___ Record extracts ___
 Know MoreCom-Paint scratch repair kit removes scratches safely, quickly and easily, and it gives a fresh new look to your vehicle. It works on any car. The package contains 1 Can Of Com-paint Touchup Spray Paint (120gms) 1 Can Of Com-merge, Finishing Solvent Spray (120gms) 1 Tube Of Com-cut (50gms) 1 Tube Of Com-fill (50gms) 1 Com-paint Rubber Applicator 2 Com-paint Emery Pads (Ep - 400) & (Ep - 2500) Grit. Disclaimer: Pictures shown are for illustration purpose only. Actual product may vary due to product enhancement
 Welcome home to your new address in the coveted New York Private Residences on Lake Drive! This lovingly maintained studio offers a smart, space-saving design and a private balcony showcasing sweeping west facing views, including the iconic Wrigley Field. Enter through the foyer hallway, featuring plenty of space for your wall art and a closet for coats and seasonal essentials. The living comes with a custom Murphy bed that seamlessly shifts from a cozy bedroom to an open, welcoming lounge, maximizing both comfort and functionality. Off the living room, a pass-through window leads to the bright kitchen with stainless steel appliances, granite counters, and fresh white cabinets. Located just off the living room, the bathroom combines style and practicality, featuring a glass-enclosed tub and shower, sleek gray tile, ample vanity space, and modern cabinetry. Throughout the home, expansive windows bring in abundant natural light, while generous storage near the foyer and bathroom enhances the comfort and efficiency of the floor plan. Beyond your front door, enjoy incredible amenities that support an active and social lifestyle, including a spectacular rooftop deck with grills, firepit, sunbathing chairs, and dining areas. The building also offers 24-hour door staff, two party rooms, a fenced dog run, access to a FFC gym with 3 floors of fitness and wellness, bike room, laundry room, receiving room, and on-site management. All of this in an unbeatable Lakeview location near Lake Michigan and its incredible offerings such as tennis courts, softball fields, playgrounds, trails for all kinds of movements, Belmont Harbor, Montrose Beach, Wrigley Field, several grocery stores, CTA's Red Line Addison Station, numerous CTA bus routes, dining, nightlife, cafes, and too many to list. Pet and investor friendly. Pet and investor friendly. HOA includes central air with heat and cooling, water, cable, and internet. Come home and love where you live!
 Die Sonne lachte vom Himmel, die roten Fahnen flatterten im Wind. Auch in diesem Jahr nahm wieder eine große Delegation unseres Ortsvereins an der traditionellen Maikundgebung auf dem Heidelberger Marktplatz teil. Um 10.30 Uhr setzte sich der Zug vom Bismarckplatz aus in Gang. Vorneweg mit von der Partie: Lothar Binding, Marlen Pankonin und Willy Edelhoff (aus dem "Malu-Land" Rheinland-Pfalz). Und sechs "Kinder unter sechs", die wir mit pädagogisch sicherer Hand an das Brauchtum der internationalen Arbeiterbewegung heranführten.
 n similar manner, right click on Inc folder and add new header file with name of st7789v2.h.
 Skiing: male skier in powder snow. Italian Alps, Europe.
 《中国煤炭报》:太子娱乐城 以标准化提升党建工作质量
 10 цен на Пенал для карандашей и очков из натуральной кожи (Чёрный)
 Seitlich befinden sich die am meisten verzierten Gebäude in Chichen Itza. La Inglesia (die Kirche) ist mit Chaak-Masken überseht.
___
___ Record extracts ___
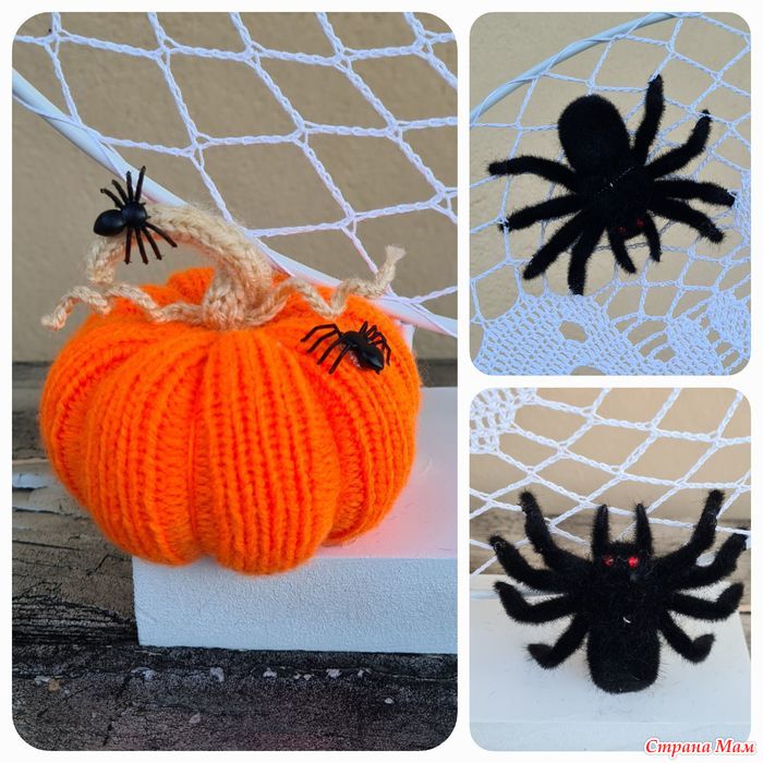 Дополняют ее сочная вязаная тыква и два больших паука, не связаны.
___
__Exercise__:
Looking at the data above, state how many of its lines contain the word "sich", and give nothing but that number.

__The answer__:
2